Write 10 prompt paraphrases per task. Do not evaluate on a single prompt template. Write 10 natural-language rephrasings of each task instruction. Example for structural segmentation:
- "Divide this track into its major sections with timestamps."
- "Identify each structural segment (verse, chorus, bridge, etc.) and when it starts and ends."
- "List all the sections in this song with their time boundaries." This measures prompt robustness and averages out phrasing-specific biases.
Build the evaluation harness. Write code that: (a) loads audio files or references, (b) randomly selects one of the 10 prompt paraphrases per question, (c) calls the model API with audio + text prompt, (d) parses the model's response into the expected output schema, (e) computes the task-specific metric, and (f) stores raw and normalized scores.
Normalize scores for cross-task comparison. Apply (score - random_baseline) / (1 - random_baseline) to all classification metrics. For IoU and inverted WER, the random baseline is effectively 0, so normalization is a no-op. Report both raw and normalized scores.
Run evaluation across models and aggregate results. Test each model on all tasks, computing per-task scores, per-category averages, and an overall normalized average.

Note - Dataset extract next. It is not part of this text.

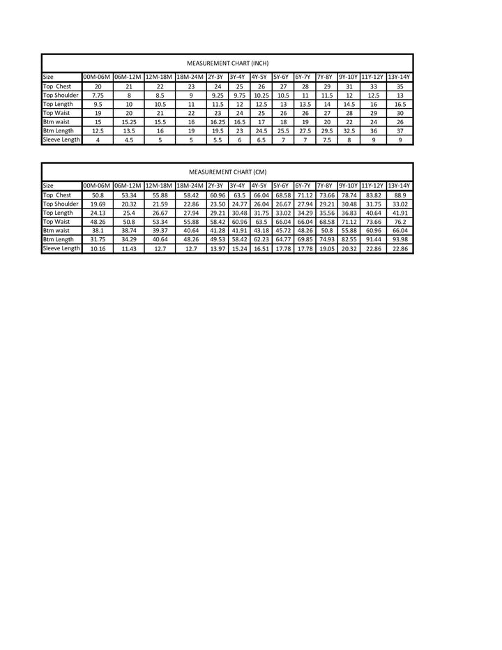 0-6M, 6-12M, 12-18M, 18-24M, 2-3Y, 3-4Y, 4-5Y, 5-6Y, 6-7Y, 7-8Y, 9-10Y, 11-12Y, 13-14Y |

Present results in a matrix (models x tasks) to reveal category-level strengths and weaknesses.
Analyze failure modes by category. The diagnostic value of BASS-style benchmarks is in the gaps. A model strong on lyric transcription but weak on structural segmentation is leveraging linguistic priors without modeling temporal structure. A model weak on artist collaboration but strong on genre detection lacks voice discrimination. Use these diagnostics to guide model improvement or selection.

Concrete Examples

Example 1: Building a music understanding benchmark evaluation harness

User: "I want to evaluate Gemini and Qwen on music understanding tasks. Help me build a benchmark."

Approach:

Define the BASS task taxonomy with the user's target tasks
Scaffold the evaluation harness in Python
Implement metric computation for each task type

Output:

# bass_evaluator.py
import json
import random
from dataclasses import dataclass
from typing import Literal

@dataclass
class BenchmarkQuestion:
    task: str
    category: str
    audio_path: str
    prompt_variants: list[str]
    ground_truth: dict
    question_type: Literal["open", "mcq"]
    mcq_options: list[str] | None = None

TASK_METRICS = {
    "structural_segmentation": "iou",
    "lyric_transcription": "inverted_wer",
    "musicological_analysis": "normalized_ema",
    "artist_collaboration": "tolerance_match",
}

PROMPT_VARIANTS = {
    "fss": [
        "Divide this track into its major sections. For each, provide the section label, start timestamp, and end timestamp.",
        "Segment the entire song into structural parts (intro, verse, chorus, bridge, outro, etc.) with time boundaries.",
        "Identify all structural sections in this song and their timestamps.",
        # ... 7 more paraphrases
    ],
    "sgd": [
        "Listen to this song. Which of the following genres is most dominant? Options: {options}",
        "What is the primary genre of this track? Choose from: {options}",
        "Of the genres listed below, which best describes this song? {options}",
        # ... 7 more paraphrases
    ],
}

def compute_iou(predicted_segments: list[dict], gt_segments: list[dict]) -> float:
    """IoU between predicted and ground-truth temporal segments with label matching."""
    total_iou, matched = 0.0, 0
    for gt in gt_segments:
        best_iou = 0.0
        for pred in predicted_segments:
            if pred["label"].lower() == gt["label"].lower():
                inter_start = max(pred["start"], gt["start"])
                inter_end = min(pred["end"], gt["end"])
                intersection = max(0, inter_end - inter_start)
                union = (pred["end"] - pred["start"]) + (gt["end"] - gt["start"]) - intersection
                best_iou = max(best_iou, intersection / union if union > 0 else 0)
        total_iou += best_iou
        matched += 1
    return total_iou / matched if matched > 0 else 0.0

def compute_inverted_wer(predicted: str, reference: str) -> float:
    """Inverted WER so higher is better. Uses 1/(1+WER)."""
    # Requires jiwer or similar WER library
    from jiwer import wer
    error_rate = wer(reference, predicted)
    return 1.0 / (1.0 + error_rate)

def normalize_ema(accuracy: float, num_choices: int) -> float:
    """Normalize exact match accuracy by removing random-chance floor."""
    random_chance = 1.0 / num_choices
    if accuracy <= random_chance:
        return 0.0
    return (accuracy - random_chance) / (1.0 - random_chance)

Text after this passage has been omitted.